His interest in circadian rhythms was sparked by a friendship. After Rosbash came to Brandeis in 1974 as an assistant professor, he became increasingly interested in a subject with far-reaching consequences: the influence of genes on behavior. This interest may have remained dormant without meeting another new scientist on the faculty, Jeffrey Hall. Hall had trained under the late Seymour Benzer, an esteemed scientist at the California Institute of Technology. He was the first to show that genes dictate the day-night cycle of activity in fruit flies when his laboratory identified a mutation in the Drosophila gene period. “Jeff told me about the history of the research, the people, and the science, and we decided to collaborate,” Rosbash explains. “The personal friendship was really the driving force behind the beginning of this work.”
In 1984, Rosbash and Hall cloned the period gene. Several years later, they proposed a mechanism by which a molecular 24-hour clock might work—a transcriptional negative-feedback loop. Their model still holds up, despite discoveries of additional circadian rhythm genes, and it applies to humans as well as fruit flies. In essence, the genes that are part of this loop activate the production of key proteins until a critical activity of each accumulates and turns off transcription. Phosphorylation as well as light regulation of these key proteins is also important to the timing mechanism. Although many details remain to be worked out, "there is an emerging picture of feedback mechanisms that regulate the levels and activity of key circadian proteins, which ebb and flow in harmony with daily light and dark cycles," Rosbash says.

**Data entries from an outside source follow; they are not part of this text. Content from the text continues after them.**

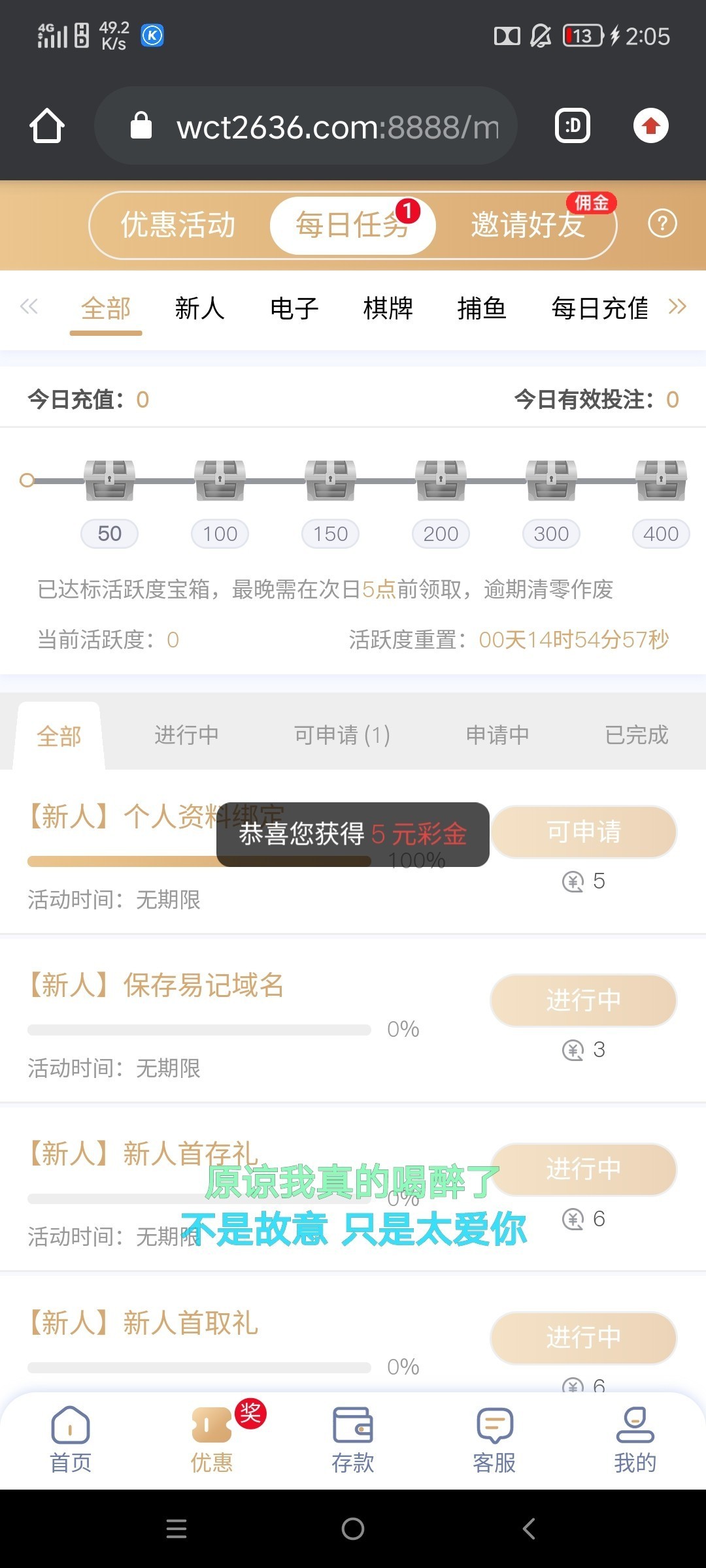 注册绑卡,优惠每日任务,先领五元首页,上面的域名点击保存领三元,共计八元出款自测啊!
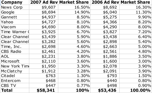 Now, what about absolute market share? Google does pretty well there too, with 14.9% of the total $58 billion represented by all 17 businesses. That is up from an 11.3% market share in 2006, and makes Google No. 2 behind News Corp’s 16.5% market share. (No.3, actually, behind Time Warner, but Blodget separated Time Warner Cable, Time Inc., and AOL, which combined would have a 15.2% market share).
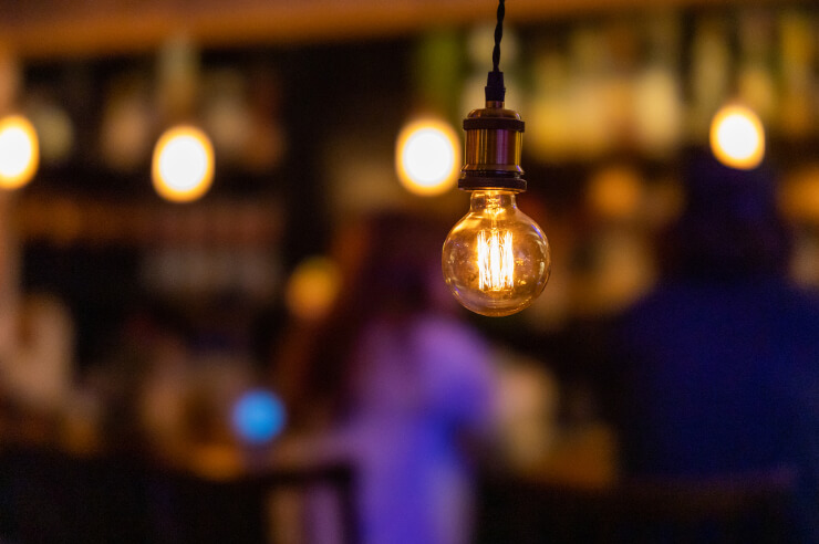 バーは落ち着いた空間を演出する上で、照明の明るさが店内の雰囲気を左右します。コンセプトに沿って照明の明るさは工夫しましょう。雰囲気なども考慮して照明はできる限り、明るすぎないようにしたり、ネオンカラーを取り入れたりするのもおすすめです。
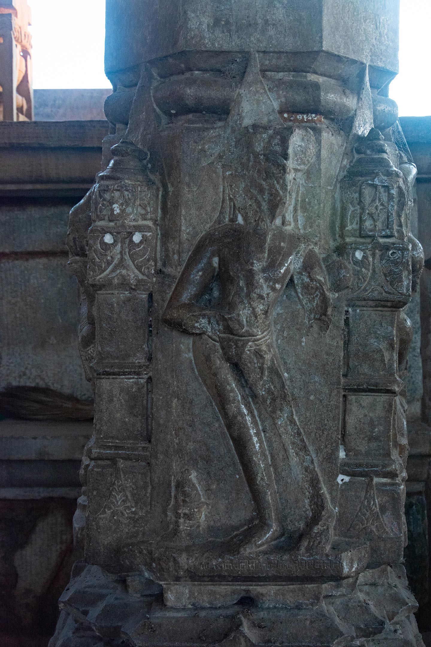 The ascetic is shown on one of the pillars with a long beard and what seems like a jata. A kamandala is tied to one of his shoulders through a rope. He wears nothing but a kopina/loin cloth and the sacred thread janeyu, shown quite prominently. Janeyu reminds us that the lineage of ascetics in the Pashupata sect has been predominantly Brahmins, right from the time of Lakulisha and his four disciples and even Lakulisha has been elsewhere depicted in this temple with a prominent janeyu. The bare minimum clothing and kamandalu are signifiers of his asceticism.
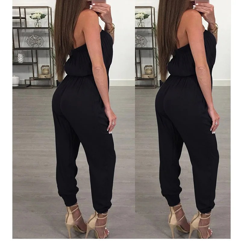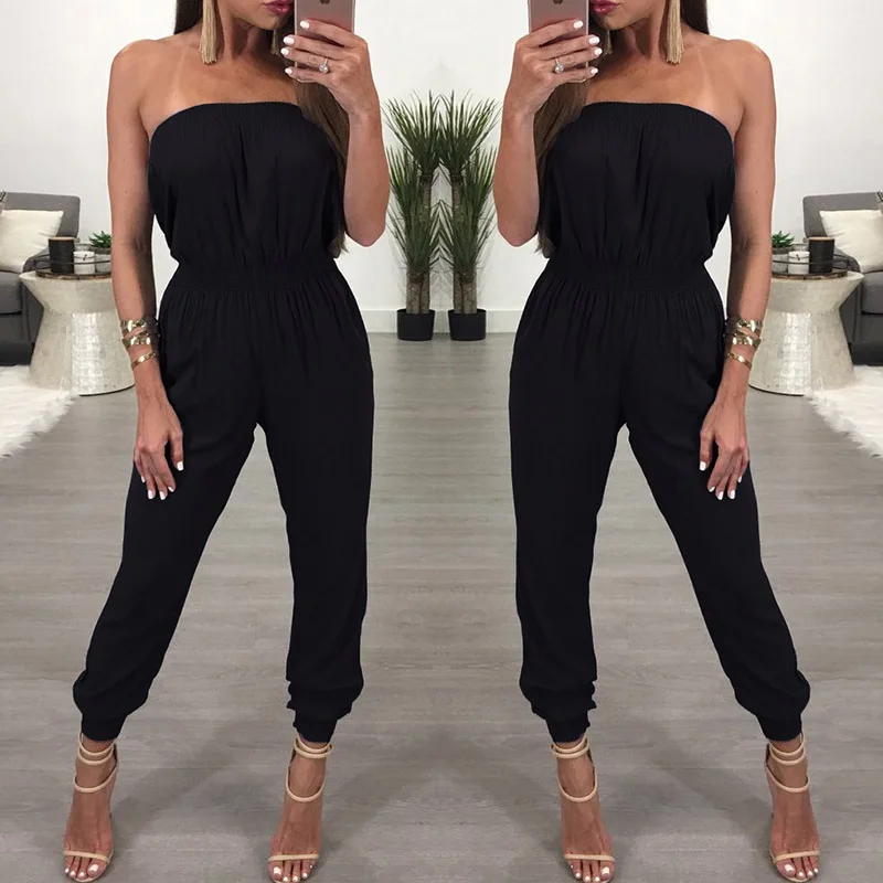 Женский комбинезон без бретелек, черный повседневный комбинезон без...
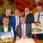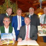 Die Wasserkraft und ihre Nutzung für umweltfreundliche Energie war Anlass für den Bayerischen Umwelt- und Staatsminister Marcel Huber, dem Samerberg einen Besuch abzustatten. Auf Initiative von Kreisrat Peter Schrödl und vom CSU-Kreisverband Rosenheim informierte sich Minister Huber bei einer Rundfahrt über die Aktivitäten und Sorgen der seit 99 Jahren bestehenden Elektrizitätsgenossenschaft Samerberg. Nach dem Besuch des Elektrizitätswerks Gernmühle hieß Landtagsabgeordneter Klaus Stöttner im Entenstadel des Gasthauses Entenwirt in Törwang zahlreiche Betreiber von kommunalen und privaten Wasserkraftwerken aus dem Voralpenraum willkommen und stellte sich der Diskussion (über die Versammlung berichten wir noch gesondert). Im Rahmen der Samerberg-Visite trug sich der Umweltminister auf Einladung von Bürgermeister Georg Huber in das Goldene Buch der Gemeinde Samerberg ein. Zum Dank überreichte ihm Bürgermeister Huber den Bildband „Samerberg – Paradies im Chiemsee Alpenland“.

Over the years, Rosbash and Hall identified other significant circadian genes and the function of their proteins, with the goal of understanding how the various pieces of the clock fit together. Rosbash's group has also uncovered dual body clocks in the brain of fruit flies that independently govern bursts of morning and evening activity. The clock that initiates the morning activity, however, also helps to reset the second clock that regulates movement in the evening. Rosbash speculates that mammals possess similar dual circadian clocks. The integration of multiple clocks is probably important not only for maintaining a precise 24-hour cycle but also for adapting physiology to seasonal changes in day length, at least in animals.